Yizhou Sun, an assistant professor of computer science at UCLA, looks at large-scale information and social networks. Beyond just the data that are in those networks, Sun and her students are looking design scalable algorithms that take a much deeper look at those millions and millions of connections and nodes in them. Specifically they want to find ways to extract insights and predictions that, on the surface, would not be so obvious. Sun joined UCLA in 2016, after starting her career in academia at Northeastern University in Boston. Her honors include a CAREER award from the National Science Foundation, one of the top honors for researcher in the early part of their careers. In July, Sun received a second NSF grant. She answered questions on her research, as well as how she gets students interested in the field.

For students who may not have an initial interest in large-scale information networks and data mining, what do you tell them about what you’re looking at, and why they might be interested in being involved in research in this emerging area?

We are living in an interconnected world. Most of data or informational objects, individual agents, groups, or components are interconnected or interact with each other – forming numerous, large, interconnected, and sophisticated networks. Without loss of generality, such interconnected networks are called information networks. For example, in social networks, people connect to each other via friendships. Links in such networks indicate the interactions between objects in the network, and usually imply similarity or influence between the objects that are sometimes hardly be able to be expressed by traditional features. Clearly, information networks are ubiquitous and form a critical component of modern information infrastructure. The analysis of information networks, or their special kinds, such as social networks and the Web, has gained extremely wide attentions nowadays from researchers in computer science, social science, physics, economics, biology, and so on, with exciting discoveries and successful applications across all the disciplines.

The research supported by the CAREER Award is on social networks. What kind of information have you found in exploring these giant datasets, and what can this information be used for?

In this line of research, we try to understand the motivation behind people’s behaviors that can be modeled as interactions between people and other entities, rather than treat them as nodes and links. We have explored many social network and social media datasets, such as Facebook, Twitter, online forums, and political voting networks. We have proposed algorithms that can successfully identify people’s political ideology, their stance on some particular political issues, their personal traits, and their roles in some online events. These techniques can be used for better policy designing, political campaign, online extremist detection, as well as identifying users that need special help.

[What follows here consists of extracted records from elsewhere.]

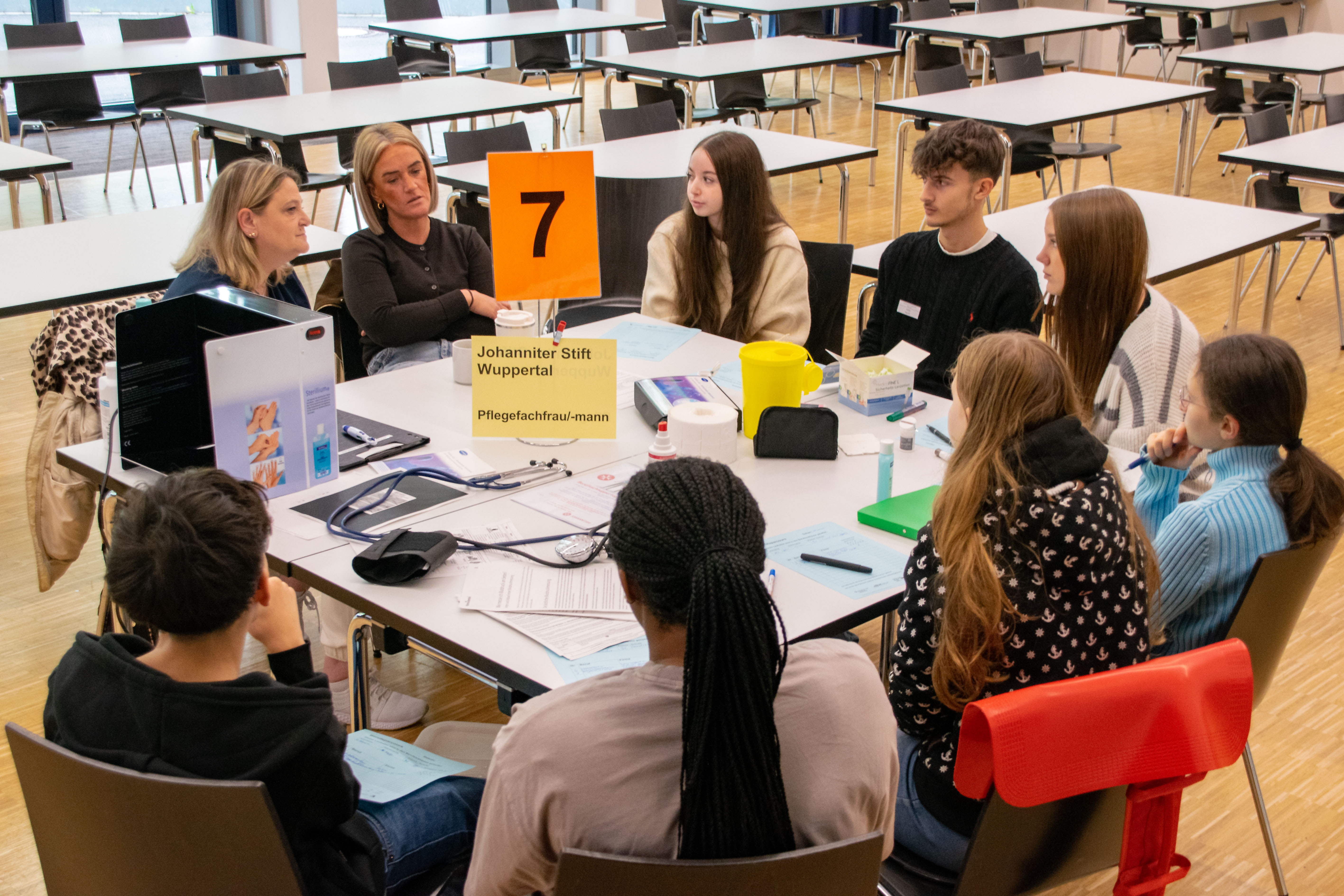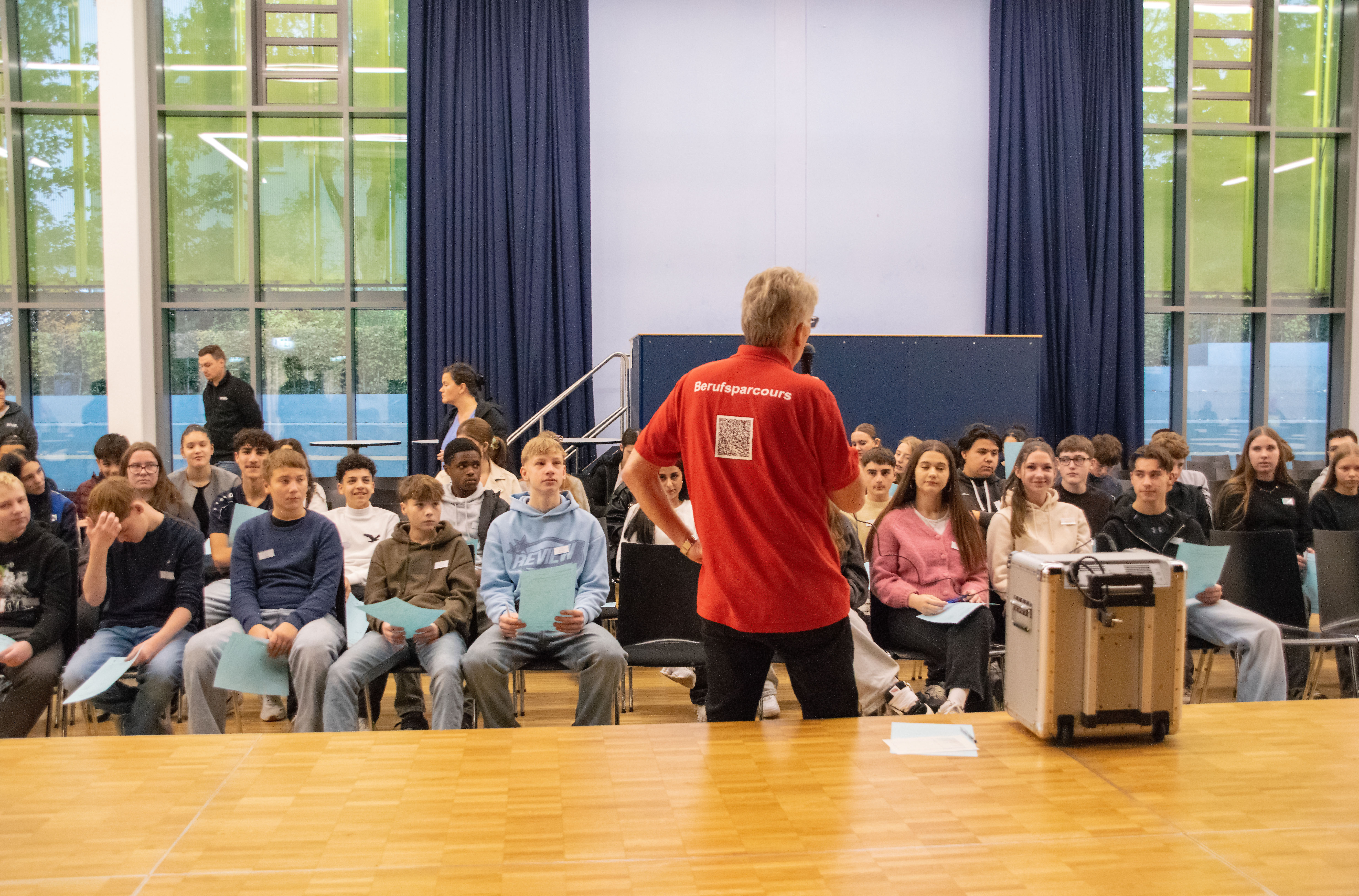 Im Rahmen der Projektwoche des Jahrgangs 9, die ganz im Zeichen der Berufsorientierung stand, fand am letzten Projekttag der Berufsparcours im Forum unserer Schule statt. Ziel dieser Veranstaltung war es, den Schüler:innen einen möglichst praxisnahen Einblick in verschiedene Berufsfelder zu ermöglichen und sie bei ihrer persönlichen Zukunftsplanung zu unterstützen.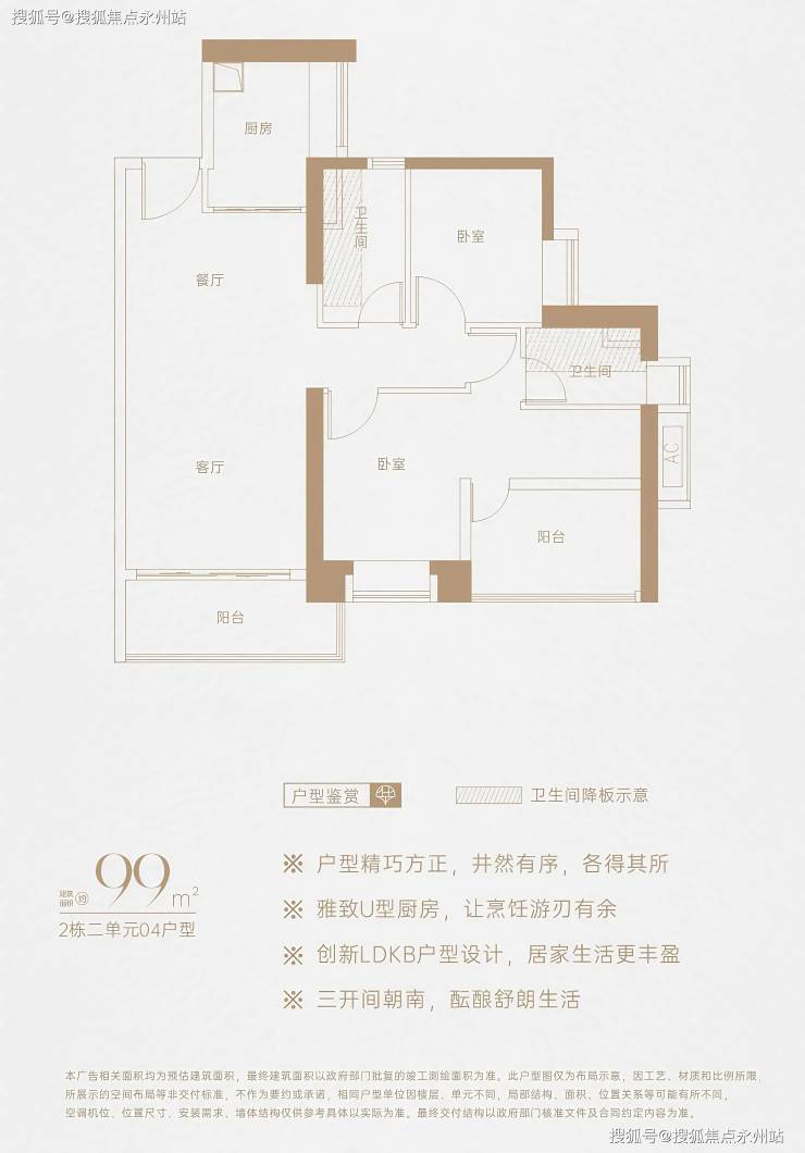 99㎡3房2厅2卫:动静分区,三开间朝南,L型厨房,西南朝向阳台,得房率约73%(不含赠送)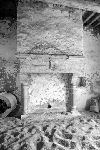 Etage, pièce sud, mur pignon, cheminée 2, vue générale.Immatriculation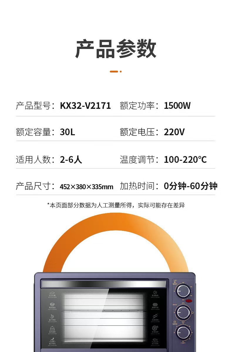 Jiuyang 전기 오븐 KX32-V2171 가정용 30 리터 용량 다기능 베이킹 케이크 빵 자동스토어 가기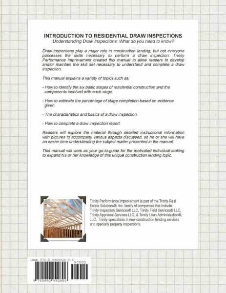Draw inspections play a major role in construction lending, but not everyone possess the skills necessary to perform a draw inspection. Trinity created this manual to allow readers to develop or maintain the skill set necessary to understand and complete draw inspections. This book explains a variety of topics such as: - How to identify the six basic stages of construction and the components involved with each stage. - How to estimate the percentage of stage completion based on evidence given. - The characteristics and basics of a draw inspection. - How to complete a draw inspection report. Readers will explore the material through detailed information and over 160 photographs to accompany various aspects discussed, so he or she will have an easier time understanding the subject matter presented in the manual. This book will work as your go-to-guide for the motivated individual looking to expand your knowledge of this unique construction lending topic.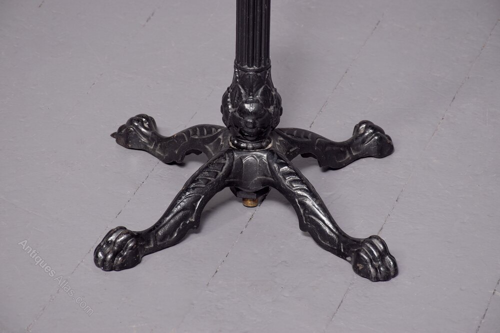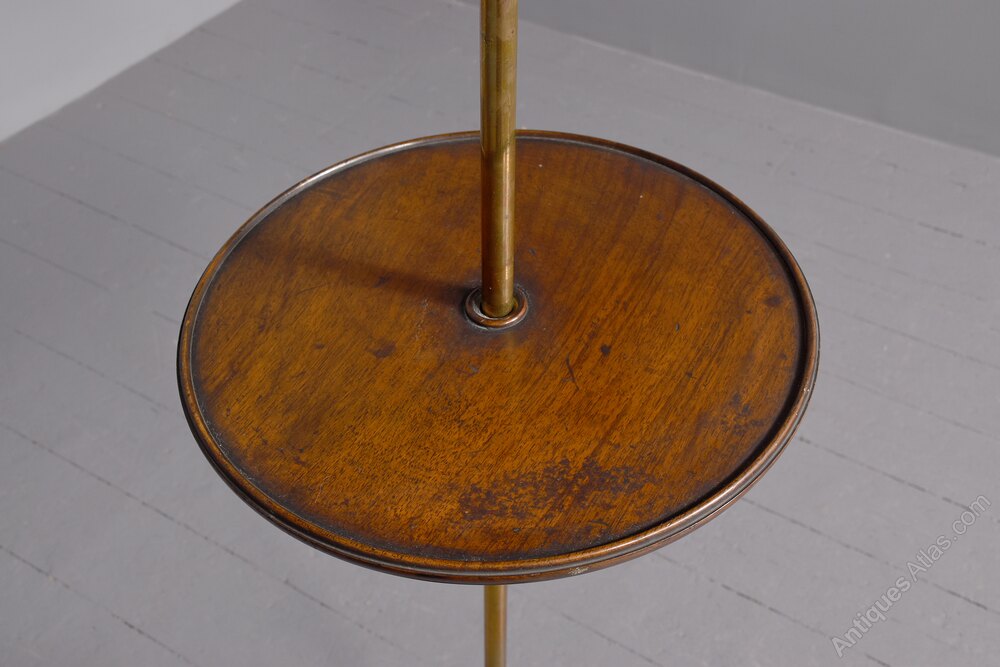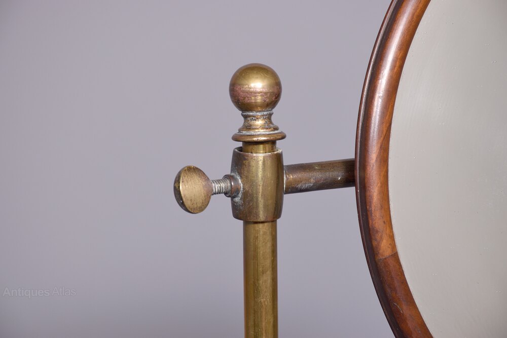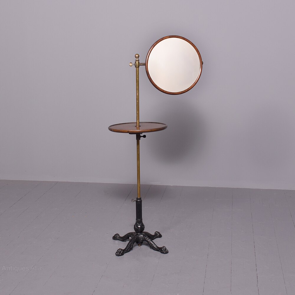 Circa 1870, an unusual stylish cast iron, brass and mahogany adjustable toilet stand/ occasional table, the circular mirror framed in mahogany with a brass arm with a butterfly in the back for tilting, this is supported on a brass upright (adjustable), with a circular mahogany table in the centre of the upright, with a stylish beaded fore-edge, support on a brass column resting on an unusual and stylish cast iron base which includes a fluting, foliate carving, finishing with an animal stylish foot.Height 140 cm. adjustable, 60cm wide, 38cm deep,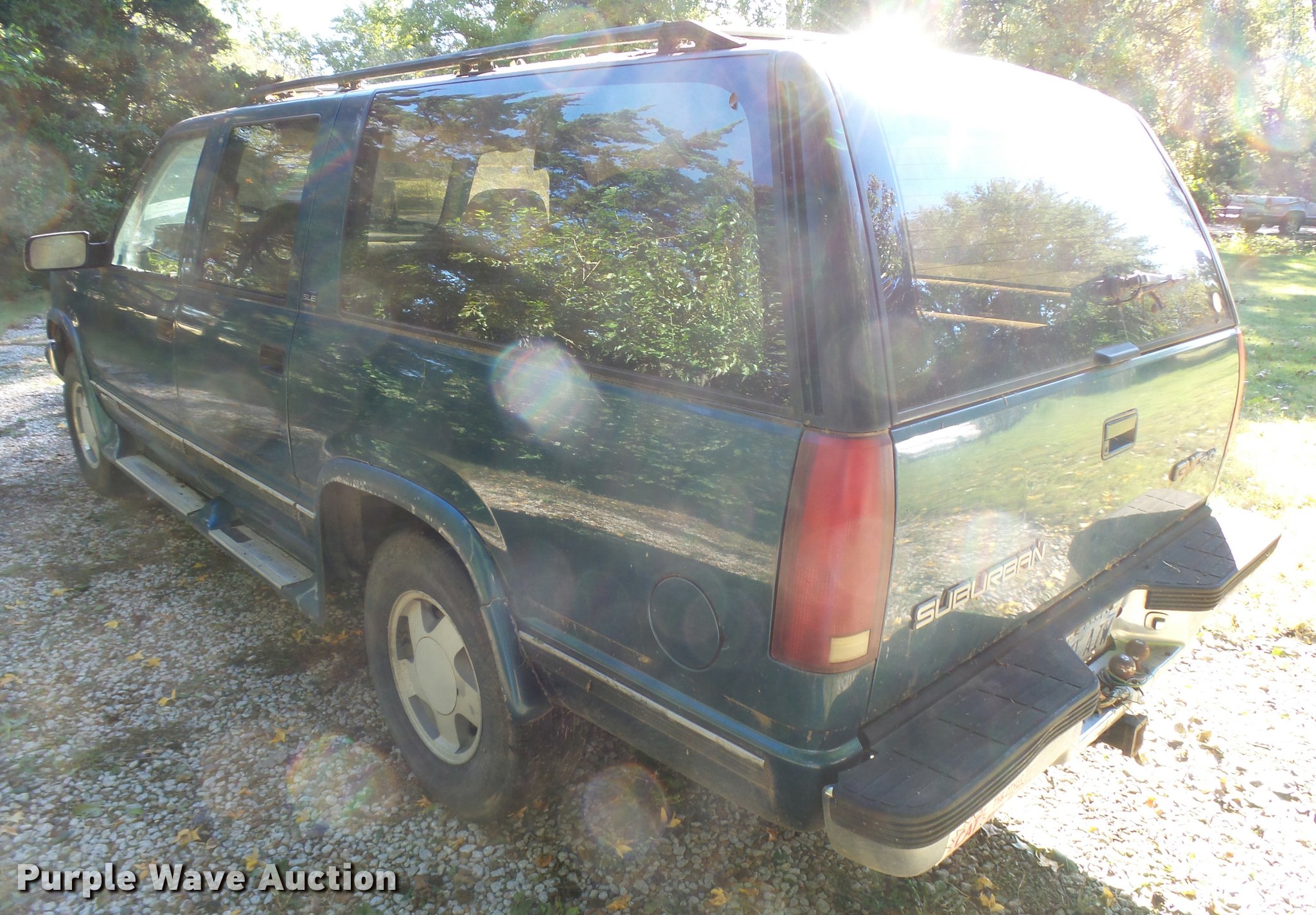 Purple Wave is selling a used Passenger Vehicle in Kansas. This item is a 1992 GMC Suburban 1500 SUV with the following: 208,803 miles on odometer, 5.7L V8 OHV 16V gas engine, Automatic transmission, Four wheel drive, AC and heat, Tilt, Cruise, AM/FM/CD, Power windows, locks, mirrors, and seat, Cloth interior, Front tow hooks, Running boards, Receiver hitch, Trailer wiring, 245/75R16 tires, Windshield cracked, Paint peeling, AC needs charged
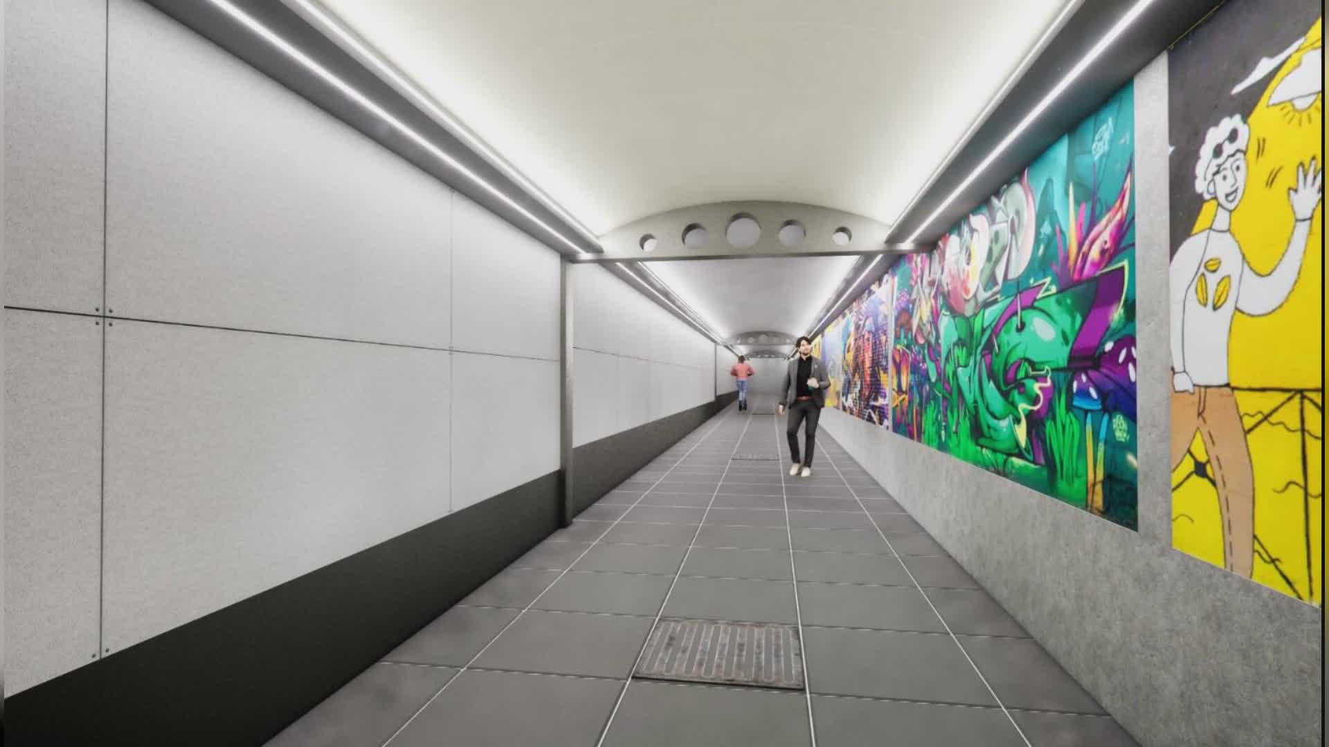 I lavori (nella foto, un'elaborazione grafica del sottopasso ultimato) consentono anche la riqualificazione dei due fronti di accesso del sottopasso, lato Piazza Verdi e Piazza Raggi, il rifacimento della pavimentazione e della situazione idraulica, una nuova controsoffittatura, un nuovo impianto di illuminazione e un miglioramento di tutte le finiture. È previsto anche il mantenimento degli spazi di libera espressione culturale (murales).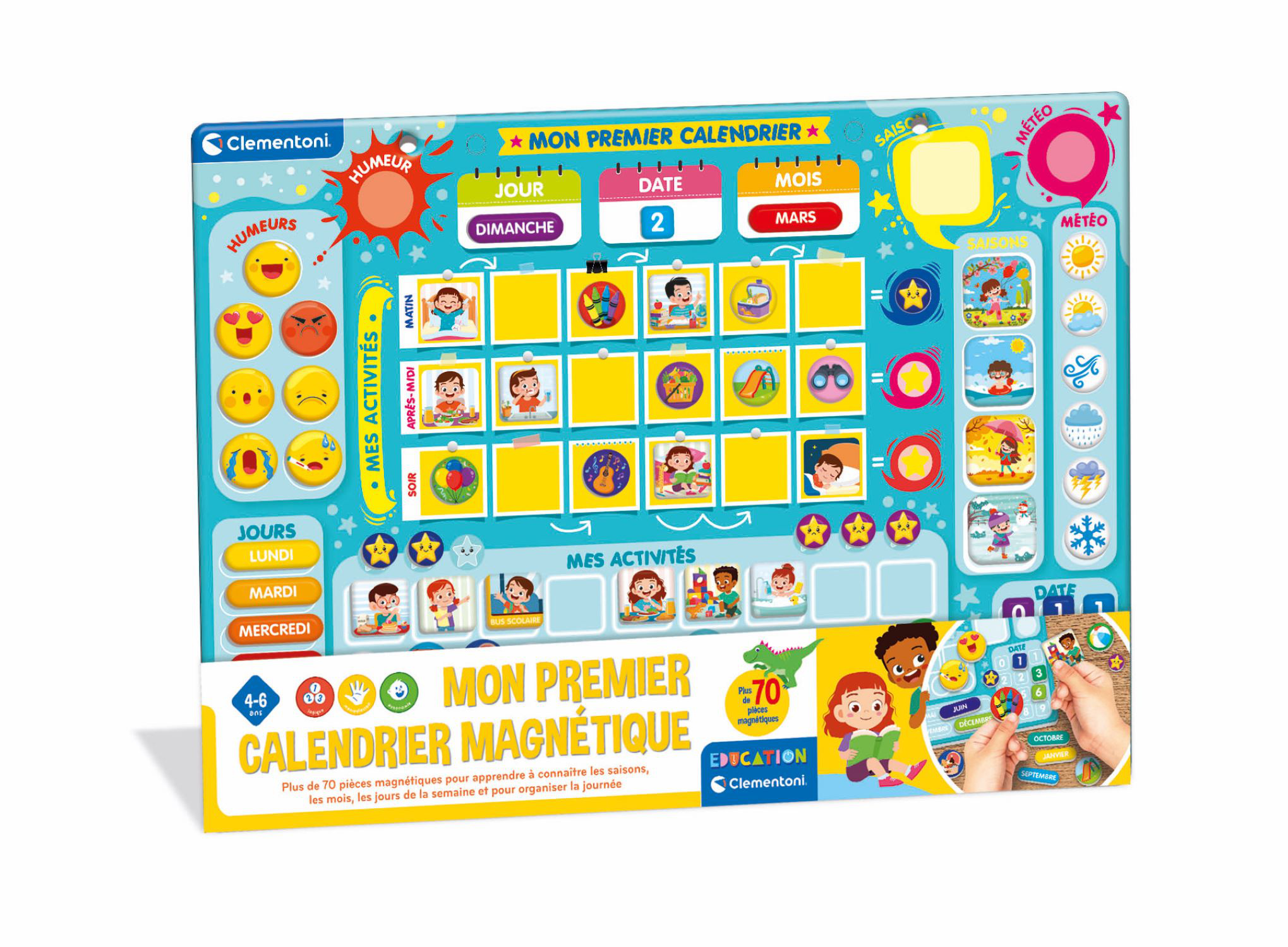 Découvrez le calendrier magnétique CLEMENTONI, parfait pour les enfants a partir de 3 ans. Avec de nombreux magnets inclus, il permet d'indiquer la saison, la date, les activités, la météo et l'humeur. Un outil ludique et éducatif pour apprendre en s'amusant !

The research supported by the most recent NSF grant you received will look to improve how users interact with a massive database of biomedical literature. For the doctors and scientists who use this massive database, what do they “see” now when the search? And then, following this work, what do you hope they’ll see, how is it organized behind the screen? And then finally, how can they then utilize that information?

PubMed is an online biomedical literature database that collects millions of publications every year. Unfortunately, no single human being can read all of these publications, even the ones most related to their research or practice area. The current system provides some primitive search functions that are mostly based on keyword matching, which can hardly meet the needs of the doctors and scientists, as the returning results are articles exactly containing the input keywords. We propose a new data-to-network-to-knowledge (D2N2K) paradigm to transform massive, unstructured but interconnected research text data into actionable knowledge, by integrating semi-structured and unstructured data. By doing so, the users can issue much more advanced queries, such as finding top recommended treatments for a disease and top related gene mutations for a disease, without going through the details of all the papers. The system can be very helpful for the doctors and scientists, which can provide better diagnosis for patients, recommend better treatments to the patients, and even form new hypotheses.